Revisiting Past Vs. Present
Returning to the same place with some of the same people allowed me to get glimpses of my progress in some domains. Each year I have gone to the roller disco and stumbled around. This year was no different until my eye caught a women who knew what she was doing. The past year I have been learning a lot about the motor system and have been practicing letting my mirror system take over. I looked at this roller disco women and ‘became her’. Suddenly there was stability in my movement. What had changed? I noticed how my head had moved forward over my toes, allowing the toes and feet to connect to the ground and control the movement. My ankles were not strong enough to maintain this posture for more than a few minutes at a time but I was so greatful and amazed at my body’s ability to learn.

Hammock forest with climbable two stories of hammocks. Structurally sound with no knots!

Hammock forest with climbable two stories of hammocks. Structurally sound with no knots! (photo by Liz Altmiller)

Since this was my 3rd year with the couch burning camp which tends to have many virgin burners I could contribute much more to camp then previous years. We were a very small and hardworking group of builders that set up almost everything within two days. We were one of the first camps to have an open bar, music, chill space (and showers for members) even before official doors opened. The efficiency of the small crew was total bliss for me until the third day when we doubled our workforce which resulted in the productivity halving. A strange variant of the bystander effects seemed to be taking place.

On my first burn, the visit to the temple, a place that naturally emerged in burn culture to allow for morning and letting go of loved ones did nothing to me. I was too emotionally blocked to feel anything. Last year I collapsed. Thanks to my connection with Shlomo parts of my limbic emotional system had been reconnected but they had the maturity of an undeveloped baby and were overwhelmed by sensing  everyone’s pain and sadness. I collapsed to the ground shaking and crying like a little baby and could barely crawl out of there. This year I entered more prepared. If this brain can mirror physical states it can mirror emotional states too. I asked Shlomo to walk in the temple with me holding my hand and he agreed to be my emotional container. It wasn’t easy. Tears started streaming down and I could feel the shaking start to take over but I held on to his haמd tightly, sucking his calmness though my skin. I reminded myself that even when hurt this system isn’t a baby. It can walk, it can talk and it can breath deeply. Once breathing was stabilised things were easier. My grandmother had died this past year but I couldn’t bring myself to write her name in the temple. It was too much of a religious act, like writing a note in the wailing wall. Instead, when we left the temple I told shlomo about her. How she was the strongest female role model in my life and how it hurt me to see her stubbornness and belief in religion stand in her way of growth and happiness.
Despite the success of the temple visit later that night these baby networks awoke with wave after wave of perceived pain. I’m not sure I’ll ever know what is the reason for the pain these networks recorded because whatever the reason is, it is long gone but live echos of the original pain remain unchanged by the flow of time. I felt the temple burn might be my last chance to try to get these networks to update their model before I head home and I really didn’t want to head home with all this pain.

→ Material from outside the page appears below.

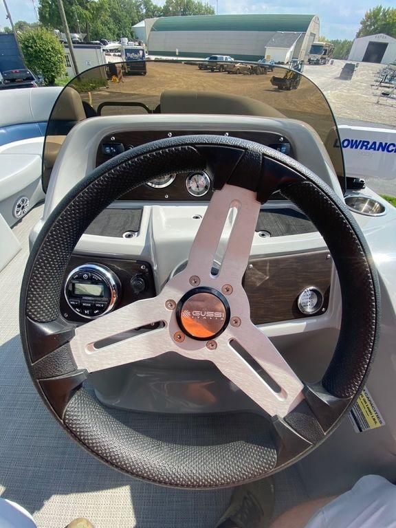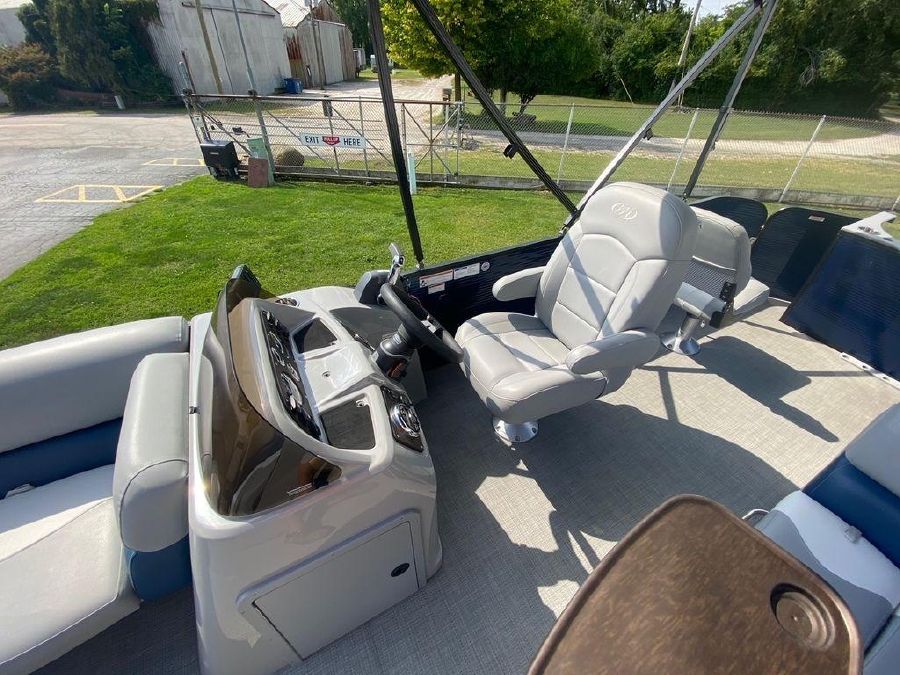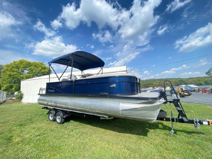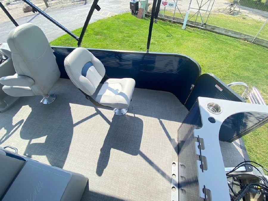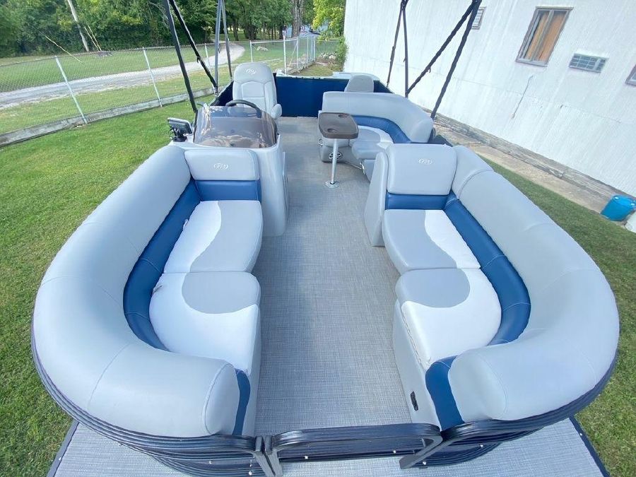 Just in stock! We sold this boat New in 2019 and it has been always stored at the marina year round. It only has 31 Hours!Extra Factory Options Include: 25″ Toon Upgrade, Blue Wall Panels, Black Powder Coated Rails, Silver Luna Flooring, Blue Bimini Top, Top Fabric Upgrade, Value Package, Kicker Speakers LED, Mid Back Helm Char, Color GPS Fish Finder, Hourmeter, Blue Mooring Cover, Sea Star Hydraulic Steering, Trolling Motor Outlet & Trolling Motor Gate

Burnt temple. (Photo by Liz Altmiller)

Burnt temple. (Photo by Liz Altmiller)

So there I was sitting in a mostly silent crowd of thousands of people waiting for the torch to be lit. Unlike the mayam of the man burn when all the art cars are blasting contradicting music and stinking the area with gasoline fumes, the temple burn is sober and calm. Suddenly the temple was lit up in massive flames, a wave of heat flowing over the crowd. I was in an almost hypnotic state staring at the largest fire I have ever come close to. Fire is the release of stored solar energy, as Feynman explains and this fire could release the painful stored information in my brain as well, this was the time to burn the babies.  ‘Death brings new life’ something deep in this brain was chanting. ‘We can be like fire, flowing, changing and powerful’. Another part of my brain was doing statistical calculation, understanding that the painful sample recorded early on was still just a sample, not the entire reality. Many babies might never feel this type of pain, and even if it ever had any adaptive survival value it doesn’t have that anymore.

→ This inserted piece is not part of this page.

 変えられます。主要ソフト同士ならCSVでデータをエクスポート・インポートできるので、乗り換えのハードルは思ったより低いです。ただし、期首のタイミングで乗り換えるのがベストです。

Two weeks in such harsh dry conditions with constant lack of sleep and massive amounts of novelty and emotional upheaval leave some long lasting effects. I’m still tired, my pores overcompensating for dryness are now giving me pimples and swollen tingling finger tips, parts of my dusty hair might need to be chopped off. On the emotional side I’m carefully optimistic. These baby networks are still babies, they haven’t been fully integrated into the rest of the brain and babies are oversensitive and confused and cry sometimes but at least it seems that they aren’t automatically biased to predict and experience massive amounts of pain and now it’s up to my grownup parts together with the incredible support I have from my loved ones to help them grow up healthy.